=== Begin Enclosure ===
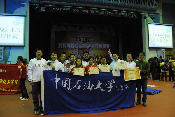 中国石油大学乒乓球运动员不畏强敌,经过顽强拼搏,分别取得了男团乙A组亚军、女团乙C组第三的优异成绩。在单项比赛中,刘钊、张毅同学在男单比赛中以出色发挥,成功守住下半区,会师半决赛,并最终获得了男单冠军和第四名的好成绩。此外,张海舟、向雪丹取得女双第四名;刘钊、武越中获男双第七;向雪丹获女单第七。同时,学校代表队凭借赛场内外的良好作风获得了体育道德风尚奖。
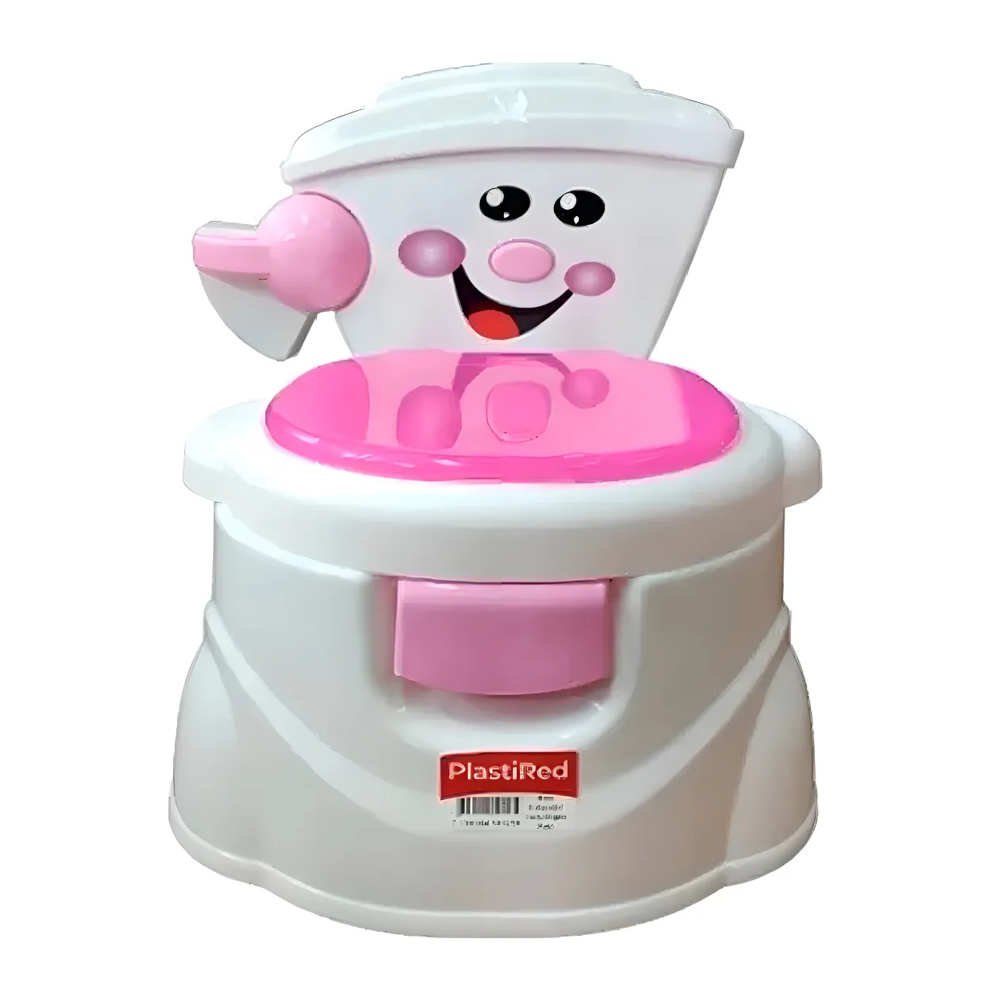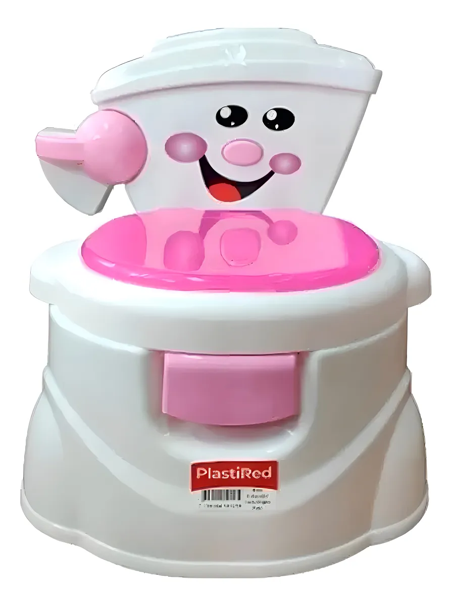 Vasenilla motivo Carita Praktiplast donde tu bebe puede aprender hacer del baño y dejar el pañal. Con esta practica bacinilla puede continuar con su desarrollo practicando para que pueda ir al baño independientemente.
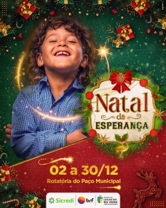 “A expectativa para o Natal da Esperança é muito grande, por ser um momento tão esperado pelos moradores e visitantes. Estamos ansiosos e nos preparando intensamente, com os setores mobilizados, para que a comunidade possa usufruir da melhor qualidade estrutural e de uma bela programação cultural, sentindo a magia deste período tão importante do ano”, contou a secretária de Cultura e Turismo, Luciana Bauer.
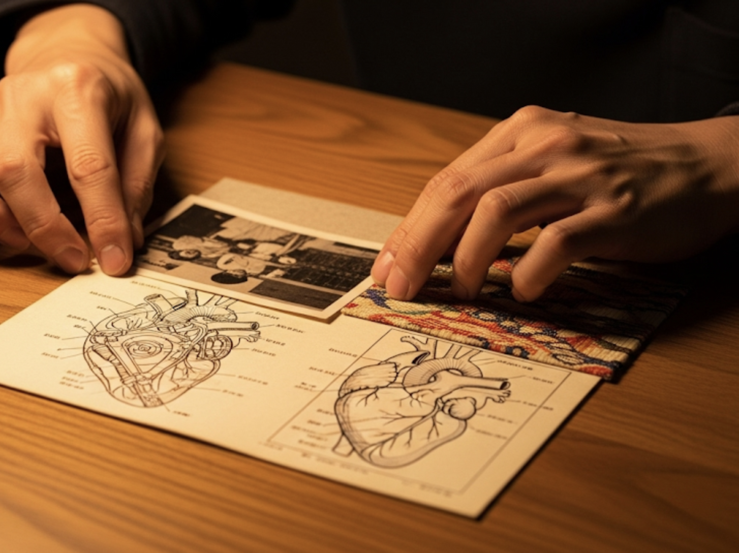 その名の通り、写真や雑誌の切り抜き、壁紙、布など、様々な素材を台紙に貼り合わせて一つの画面を作り上げる技法です。
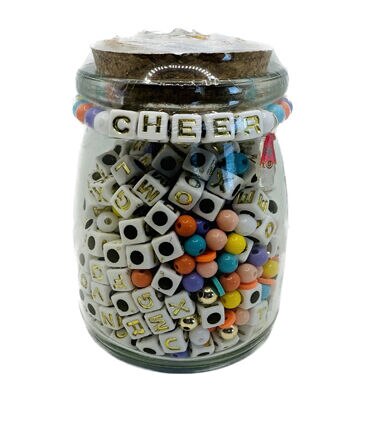 Create your own this holiday season with this great DIY bead jar. In bold pastel colors, this jar has a variety of smooth round beads, round gold beads and white alphabet beads with gold letters. There is a gnome charm in pastel colors. Stretch cord is included. 800+ pieces
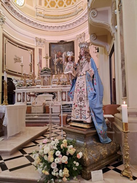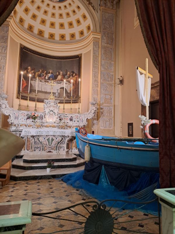 Via Vittorio Veneton parkoltunk le és az új városkapun keresztül sétáltunk be az óvárosba. Church of Saint George Martyr a legnagyobb temploma Locorotondonak, külön érdekessége volt mikor ott jártunk, hogy az oldalsó kápolnában egy kék színű bárkát helyeztek el. Ez valószínűleg nem állandó kelléke a templomnak, bizonyára csak valamiféle szokás, áldás kérése a halászokra (bár nem tengerparti település). Több templom is megbújik a sikátoros utcákon, de szinte annyira egybe épült a házakkal és bele simul a környezetébe, hogy észre sem venni.
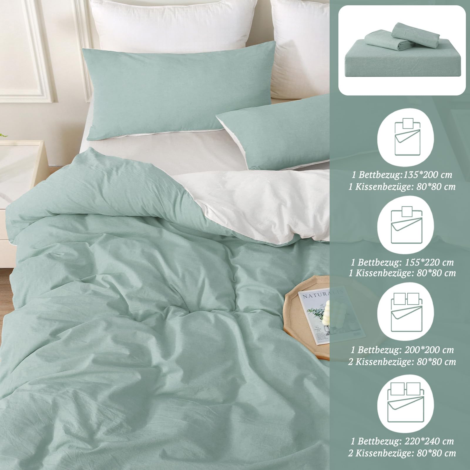 SOULFUL Bettwäsche 220x240 Baumwolle 3 Teilig, Bettwäsche-Sets Aquagrün mit Reissverschluss, Ähnliche Textur wie Stone Washed Leinen, Enthält 1 Bettbezug 220x240 und 2 Kissenbezug 80x80
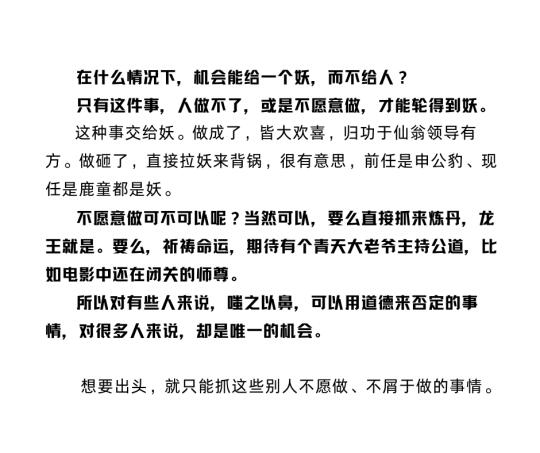 在什么情况下,机会能给一个妖而不给人?只有这件事,人做不了,或是不愿意做,才能轮得到妖。所以对有些人来说,嗤之以鼻,可以用道德来否定的事情,对很多人来说,却是唯一的机会。想要出头,就只能抓这些别人不愿做、不屑于做的事情。
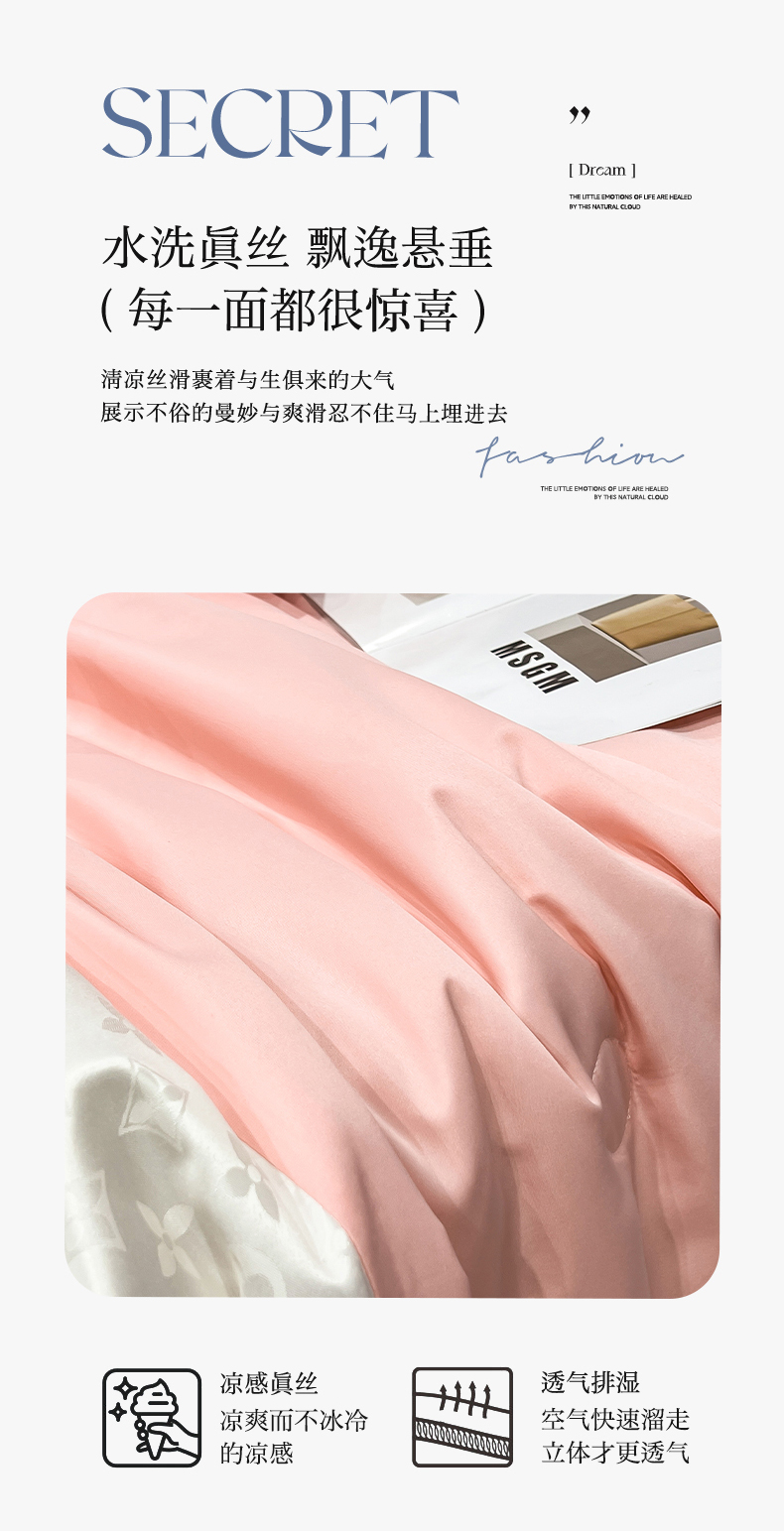 (总)梦之岛 2022新款挚爱水洗真丝四件套,挚爱-豆沙,挚爱-孔蓝,挚爱-亮黄,挚爱-玫红,挚爱-奶黄,挚爱-暖桔,挚爱-浅粉,挚爱-天蓝
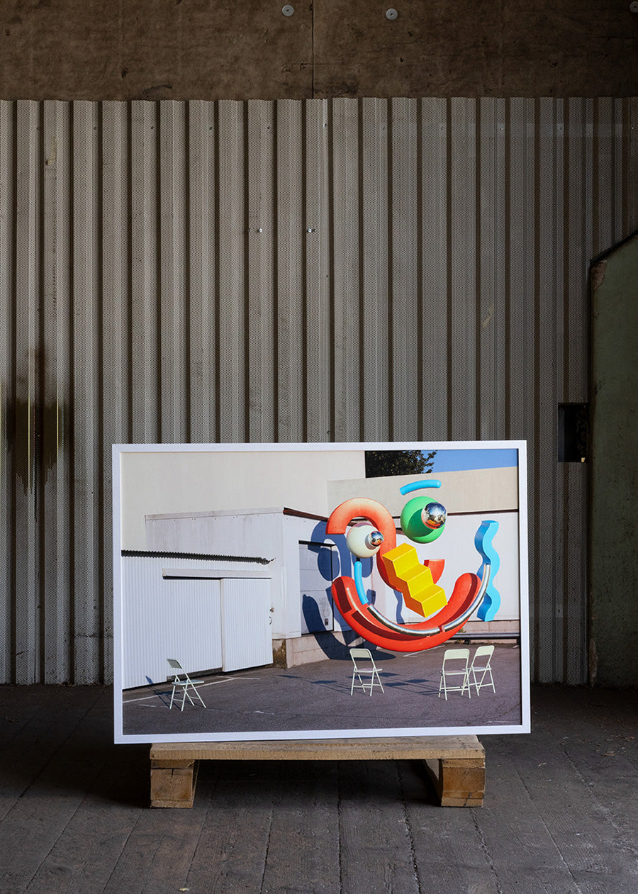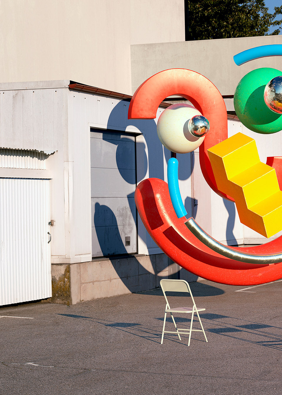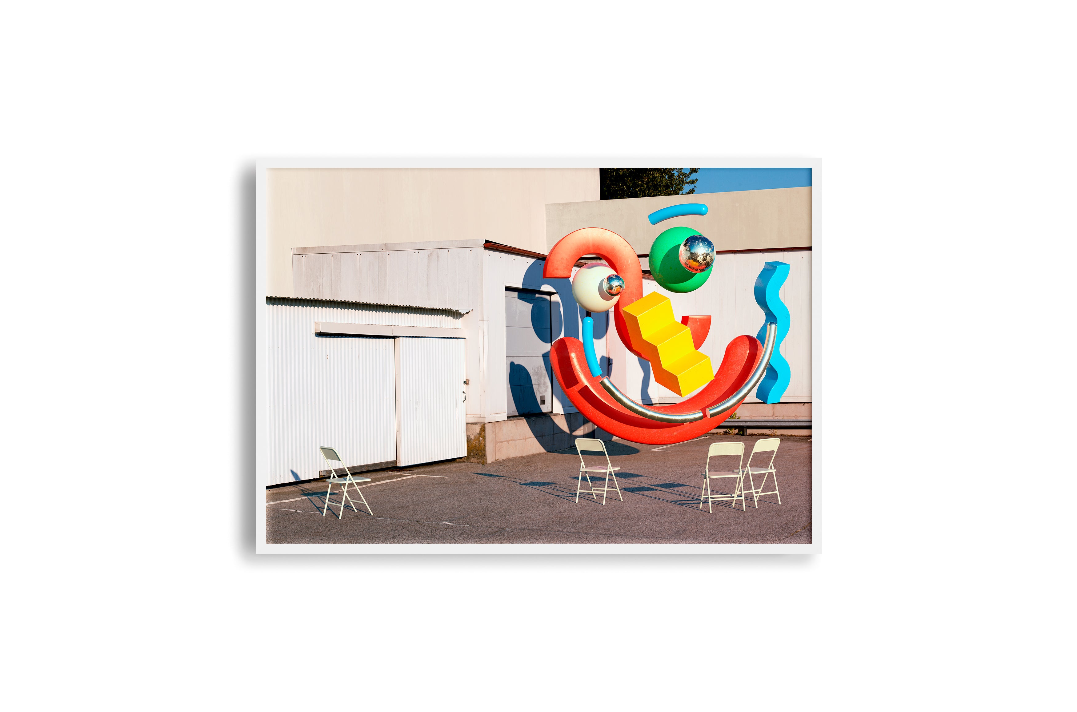 Bold color palette with clean geometry and pop tension
=== End Enclosure ===
ASSIGNED TASK →
Only an exact copy belongs in the answer: the lines from the one containing "在什么情况下,机会能给一个妖" through the end of the records, both ends included, minus the pictures.

RESULT OF THIS EXERCISE →
 在什么情况下,机会能给一个妖而不给人?只有这件事,人做不了,或是不愿意做,才能轮得到妖。所以对有些人来说,嗤之以鼻,可以用道德来否定的事情,对很多人来说,却是唯一的机会。想要出头,就只能抓这些别人不愿做、不屑于做的事情。
 (总)梦之岛 2022新款挚爱水洗真丝四件套,挚爱-豆沙,挚爱-孔蓝,挚爱-亮黄,挚爱-玫红,挚爱-奶黄,挚爱-暖桔,挚爱-浅粉,挚爱-天蓝
 Bold color palette with clean geometry and pop tension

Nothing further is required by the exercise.